Canada’s aerial skiing revival got an Olympic boost and hopes a funding one will come too

For Miha Fontaine, winning an Olympic medal in Beijing last month was nothing but “amazing” from start to finish.

The 18-year-old freestyle skier got to enjoy the support of many people, including the prime minister, who congratulated Fontaine and his teammates after they won a bronze medal in the new mixed team aerials event without having to suffer through any of the pressure that normally comes ahead of an Olympic medal-winning moment.

That’s because few Canadians expected Fontaine and his teammates to bring home a medal from the 2022 Beijing Olympics. Unlike moguls skier Mikaël Kingsbury or snowboarder Mark McMorris, there were no expectations to weigh Fontaine down during his dizzying array of flips and twists in the air.

But that medal — Canada’s first in aerials since the Salt Lake City 2002 Games — was no fluke, says the national sport federation.

“That medal was almost 20 years in the making,” says Peter Judge, head of Freestyle Canada.

Miha’s father Nicholas Fontaine, who was part of the Quebec Air Force back when aerials was a darling of freestyle skiing and Canada was a dominant nation, was integral to those decades of effort.

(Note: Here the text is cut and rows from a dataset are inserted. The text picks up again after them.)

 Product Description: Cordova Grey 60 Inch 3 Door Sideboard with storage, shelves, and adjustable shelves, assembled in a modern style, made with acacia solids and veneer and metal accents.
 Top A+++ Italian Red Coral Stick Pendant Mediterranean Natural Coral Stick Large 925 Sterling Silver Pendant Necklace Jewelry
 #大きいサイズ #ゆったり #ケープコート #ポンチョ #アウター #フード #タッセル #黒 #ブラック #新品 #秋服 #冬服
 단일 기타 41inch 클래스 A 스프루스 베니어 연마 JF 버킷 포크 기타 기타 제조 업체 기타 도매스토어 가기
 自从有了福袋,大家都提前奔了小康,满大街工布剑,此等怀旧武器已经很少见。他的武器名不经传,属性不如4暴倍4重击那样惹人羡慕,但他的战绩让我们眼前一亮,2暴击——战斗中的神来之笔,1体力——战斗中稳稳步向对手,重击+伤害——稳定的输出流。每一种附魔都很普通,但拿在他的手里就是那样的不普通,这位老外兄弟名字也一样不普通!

He worked with Freestyle Canada ahead of the Vancouver 2010 Games to try to fast-track gymnasts and trampoline athletes into aerials skiers. And since the Sochi 2014 Games, Nicholas Fontaine and a couple of similarly passionate coaches have focused on reviving and growing aerials skiing from the snow up at two ski hills in Quebec.

“I just copied what we did with the Quebec Air Force back when I was an athlete: a bunch of friends pushing each other with good quality coaching and good quality facilities.”

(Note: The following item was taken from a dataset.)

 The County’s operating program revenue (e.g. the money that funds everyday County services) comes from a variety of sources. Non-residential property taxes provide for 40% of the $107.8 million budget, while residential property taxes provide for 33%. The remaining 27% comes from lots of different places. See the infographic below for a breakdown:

The bronze medal won by his son, Marion Thénault and Lewis Irving in Beijing shows that what they’re doing is working, he says.

But the coaching and facilities that have nurtured this strong young group of aerialists and made that medal possible has been held together with a lot more passion than funding and that can’t continue, he says. He hopes the Olympic medal will draw in the increased sport funding that’s needed to keep aerials’ development and high-performance going well into the future.

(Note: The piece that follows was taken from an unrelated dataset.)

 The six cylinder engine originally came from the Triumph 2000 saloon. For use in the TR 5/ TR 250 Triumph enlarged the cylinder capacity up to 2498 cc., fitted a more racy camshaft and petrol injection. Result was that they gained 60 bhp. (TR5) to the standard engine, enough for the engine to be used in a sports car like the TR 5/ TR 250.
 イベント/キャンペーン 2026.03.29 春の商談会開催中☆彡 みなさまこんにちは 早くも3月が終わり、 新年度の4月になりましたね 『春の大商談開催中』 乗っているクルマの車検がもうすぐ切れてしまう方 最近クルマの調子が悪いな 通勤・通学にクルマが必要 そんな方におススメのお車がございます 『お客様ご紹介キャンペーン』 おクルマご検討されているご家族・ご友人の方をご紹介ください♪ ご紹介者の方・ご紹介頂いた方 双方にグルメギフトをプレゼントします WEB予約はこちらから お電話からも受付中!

“We’ve been winning on World Cup but they say “Ah, World Cup, you need an Olympic medal,” Nicholas Fontaine says. “Now we have an Olympic medal and we have a good young group of athletes, so it’s not just a lucky medal.”

He’s not alone in having concerns about the need to increase funding to keep the momentum going. Even as everyone at the national sport federation is feeling hopeful about the depth and quality of athletes coming up in the program, they acknowledge the sport is facing a big infrastructure challenge that could threaten its future success.

Aerials development in Canada has long been centralized around Nicholas Fontaine, the Le Relais ski club and the Lac-Beauport water ramp training facility, all located roughly 20 minutes north of Quebec City.

That water ramp facility, where athletes spend their summer learning new jumps and honing particularly difficult ones before they try them on snow, used to draw national teams from around the world for training camps. Now it needs an expensive rebuild — the project is about $500,000 short — and can’t even be used by Canada’s national team for its training camps.

“The Lac-Beauport water ramp has really been the cornerstone of our aerials program over the last two decades, so not having that facility in Quebec right now is a pretty significant hit in terms of the stability of the program,” Judge says.

It means the national team will have pay to train at a facility in the U.S. for two months this summer instead of training at home. And that has a knock-on effect of removing athletes, like Miha Fontaine, who act as coaches for the next generation of freestyle skiers.

“It’s harder than jumping,” he says of coaching six- to 10-year-olds. “But it’s really rewarding when they do a good job or they’re super happy to see you.”

This weekend, it’s Miha who is hoping to do a good job. He is competing at the freestyle skiing junior world championships in Italy.

“I have the potential to win,” says Miha Fontaine, who is putting more pressure on himself for this event than he did at last month’s Olympics, where he thought he was going to gain experience, not necessarily a medal.

His podium aspirations are helped by the fact that Russia and Belarus, strong nations in aerials, have been banned because of the invasion of Ukraine. But just beating his three Canadian teammates to get to the top step of the men’s podium won’t be easy, he says.

“All the Canadians are jumping really well … and we’re all doing the same trick, with the same degree of difficulty and the same quality. So it’s going to be a tough competition but it’s going to be fun.”